I'll be totally honest with you, fairy tale retellings are usually not my thing. But between the absolutely stunning cover of Austin Chant's Peter Darling and the blurb to go along with it, I knew right away that this was one book I could not miss. A queer retelling of Peter Pan? Boy am I glad I didn't. I don't know if I've read a book that was quite this extraordinary in a very long time. Brilliantly imaginative with the most gorgeous, vibrant imagery and a story that while familiar was VERY different from the original, Peter Darling was one breathless surprise after another. Austin Chant is one of the most gifted writer's I've come across—his ability to weave a story that will catapult you to a world you can't even being to imagine is almost mind-blowing.
Though the world that Chant delivers his readers to is one that most will be familiar with—Hook, the Lost Boys, Tinkerbell, crocodiles and mermaids just to name a few—the differences make the story completely his own. There is a mystical, magical, ethereal vibe that is present from beginning to end that really just wowed me.
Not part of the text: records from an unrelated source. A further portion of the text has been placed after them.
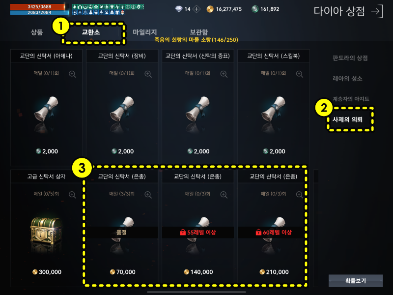 4.상점 교단의 신탁서 (은총) 진행 (55레벨 / 60레벨이상 추가 구입)
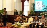 Presiden Joko Widodo memberikan sambutan saat peluncuran Komite Nasional keuangan Syariah (KNKS) dan Peresmian Pembukaan Silaknas IAEI di Istana Negara, Jakarta, Rabu (27/7). (FOTO : Republika/ Wihdan Hidayat)
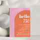 This birthday invitation features a bold pink and orange colorblock design paired with modern serif typography for a joyful, celebratory look. The large “Hello 75” headline makes a confident statement, while the clean layout keeps all party details easy to read. Ideal for a milestone birthday that feels stylish, upbeat, and thoughtfully designed. Personalize the name, date, time, and location to create a memorable invitation for a 75th birthday celebration.
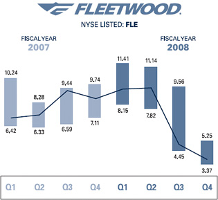 As of July 1, 2008, Fleetwood had approximately 900 shareholders of record. CERTIFICATION DISCLOSURE Because our common stock is listed on the New York Stock Exchange ("NYSE"), our chief executive officer is required to make, and has made, an annual certification to the NYSE stating that he was not aware of any violation by Fleetwood of the corporate governance listing standards of the NYSE. The last certification to that effect was made last year following our shareholder meeting. The Company also filed the CEO and CFO certifications required under Section 302 of the Sarbanes-Oxley Act of 2002 with the Securities and Exchange Commission as exhibits to its Annual Report on Form 10-K for the year ended April 27, 2008. SPECIAL NOTE REGARDING FORWARD-LOOKING STATEMENTS Statements used in this report that relate to future plans, events, financial results or performance are forward-looking statements as defined under the Private Securities Litigation Reform Act of 1995. These statements are based on the beliefs of Fleetwood's management as well as assumptions made by, and information currently available to, the Company's management. The forward-looking statements are subject to certain risks and uncertainties, including risk factors identified in Fleetwood's 10-K, including the sections entitled "Business Outlook" and "Risk Factors." These risks and uncertainties include, without limitation, the lack of assurance that we will regain sustainable profitability in the foreseeable future; the effect of ongoing weakness in both the manufactured housing and the recreational vehicle markets; the effect of a decline in home equity values, volatile fuel prices and interest rates, global tensions, employment trends, stock market performance, availability of financing generally, and other factors that can and have had a negative impact on consumer confidence, which may reduce demand for our products, particularly recreational vehicles; the availability and cost of wholesale and retail financing for both manufactured housing and recreational vehicles; our ability to comply with financial tests and covenants on existing debt obligations; our ability to obtain, on reasonable terms if at all, the financing we will need in the future to execute our business strategies and to meet the repayment terms of our outstanding convertible debt instruments, including the 5% convertible senior subordinated debentures; potential dilution associated with equity financings we may undertake to raise additional capital and the risk that the equity pricing may not be favorable; the cyclical and seasonal nature of both the manufactured housing and recreational vehicle industries; the increasing costs of component parts and commodities that we may be unable to recoup in our product prices; the potential for excessive retail inventory levels in the manufactured housing and recreational vehicle industries; the volatility of our stock price; repurchase agreements with floorplan lenders, which could result in increased costs; potential increases in the frequency of product liability, wrongful death, class action, and other legal actions, including actions resulting from products we receive from our suppliers; and the highly competitive nature of our industries. Fleetwood Enterprises, Inc. is an equal opportunity employer. Editor: Kathy A. Munson Design: Ervin | Bell Marketing Communications Lithographer: Southern California Graphics |

I felt like I could SEE everything and HEAR the waterfalls and the clash of swords or the chittering of fairies. The fact that this is a story about Peter and Hook just made this all the more interesting to me. As a trans man writing about a trans character, I felt Chant's writing of Peter's inner thoughts and his memories were achingly realistic.
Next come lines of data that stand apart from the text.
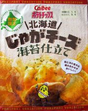 (右)北海道産のじゃがいもと北海道産のチーズを使用した芳醇で濃厚な味わい。さらにコクのあるおいしさを引き立てる海苔の風味。和と洋の意外な組み合わせがぴったりマッチしたポテトチップスです。
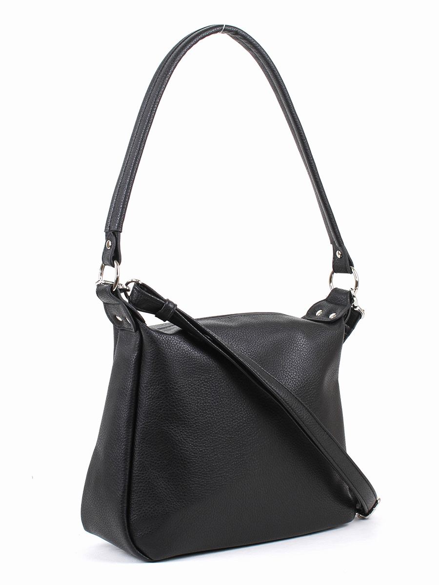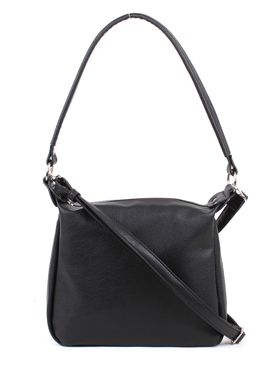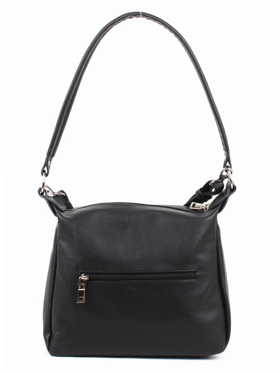 Сумка женская с одним отделением на молнии. На задней стенке - карман на молнии. Внутри также карман на молнии и два кармана для мелочей. Высота несьъемной ручки - 32 см. Съемный плечевой ремень регулируется по длине.
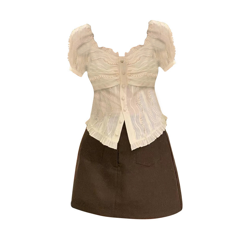 플러스 사이즈 순수한 욕망 스타일 디자인 센스 레이스 퍼프 슬리브 타이트 허리 셔츠 통통 높은 허리 슬리밍 짧은 치마 세트 여름스토어 가기
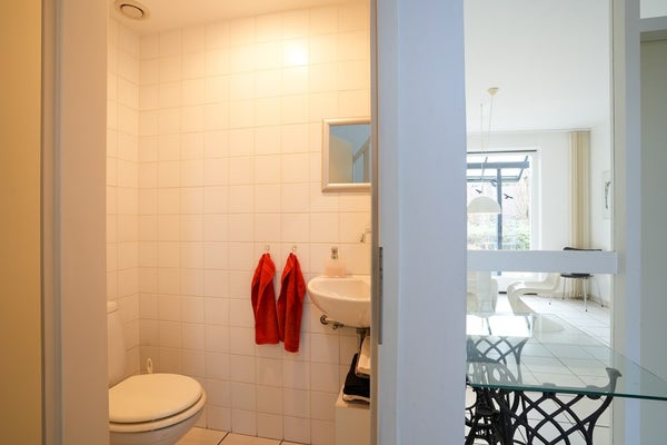 Het gastentoilet is eenvoudig uitgevoerd en voorzien van een fonteintje.
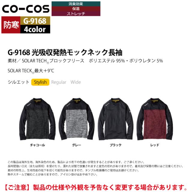 コーコス 作業服 秋冬用 G-9168 光吸収発熱モックネック長袖 S-XL
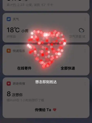 咚咚传情【02-23更新】是OPPO广东移动通信推出的一款专注于情感传递的特色应用,情侣完成手机绑定后,能随时感知彼此的思念。2025最新版借助近场通信(NFC)技术,用户在手机息屏时一笔画心,心意便会以动画形式发送至绑定的对方手机,还可通过震动、声音、光线闪烁等多种方式强化体验。
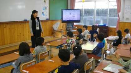 1年生はしっかりお話を聞いています。4年生は朝に新出漢字の練習をしていました。

Peter Darling is a hard book to review for the simple reason that it's an experience that should be savored. I would absolutely hate to take any of the surprise away. Peter's journey from London to Neverland and back again is emotional, painful, and joyous in turns. His growth from a rather spoiled, devious and almost cruel child to the person who loves and adores James Hook is remarkable. There are moments of gender dysphoria that brought tears to my eyes for the pain and confusion and fear that Peter goes through. As Peter begins to understand the true meaning of Neverland and what he must do to return home ... well, you'll just have to read to see just how magnificent it all is. Peter grows and learns and as he realizes and accepts his feelings for Hook, my heart just warmed me all over.
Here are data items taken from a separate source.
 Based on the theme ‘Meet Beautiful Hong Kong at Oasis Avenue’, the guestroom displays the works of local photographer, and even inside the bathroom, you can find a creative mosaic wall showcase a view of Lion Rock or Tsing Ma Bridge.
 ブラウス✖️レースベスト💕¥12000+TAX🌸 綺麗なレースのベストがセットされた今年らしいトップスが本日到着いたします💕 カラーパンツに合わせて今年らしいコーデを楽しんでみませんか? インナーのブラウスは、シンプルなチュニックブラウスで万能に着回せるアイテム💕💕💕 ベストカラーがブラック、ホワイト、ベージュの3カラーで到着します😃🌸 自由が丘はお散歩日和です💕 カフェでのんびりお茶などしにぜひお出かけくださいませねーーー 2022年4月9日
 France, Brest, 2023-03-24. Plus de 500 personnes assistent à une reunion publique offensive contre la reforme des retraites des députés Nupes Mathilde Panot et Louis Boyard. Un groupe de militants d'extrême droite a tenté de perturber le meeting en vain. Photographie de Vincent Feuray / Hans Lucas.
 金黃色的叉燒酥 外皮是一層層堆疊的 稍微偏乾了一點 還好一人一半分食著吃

James grimaced, which was difficult, because his face was mostly numb. "Don't pretend to be concerned," he snapped. "If you really wanted to help, you'd stop making this accursed storm so I could find him without freezing to death."
The queen's laughter was a terrible, discordant clanging that set his teeth on edge. "Oh, James," she said. "It's his storm."
James opened his mouth, then shut it.
"I see," he said at length. "I should have known."
He felt blank. He'd truly thought it was Neverland or the fae or some malicious force of nature trying to wash him into the sea, trying to keep him away from Peter.
But it had been Peter—Peter trying to keep him away, or just raging against the world, thoughtless of what he might be doing to James.
"Haven't you ever noticed that the sun comes out when he smiles?" the queen said. "It's another thing he wished for when he was a boy."
James laughed raggedly. "And all I wished for was a pirate crew."
"He is a far bolder storyteller than you."
This is a beautiful story of love and acceptance. It's a journey, sometimes brutal and sometimes soft and tender. Hook ... man I just loved him. Like A LOT. From his clothes to his speech to his teasing of Peter, he's just fabulous. The Lost Boys, Ernest in particular were such an integral part of the story and let's not forget Miss Tinkerbell and the rest of the fairies, too. All of them have a place. There are lessons to be learned while reading Peter Darling. Don't miss this one people, it's truly magical.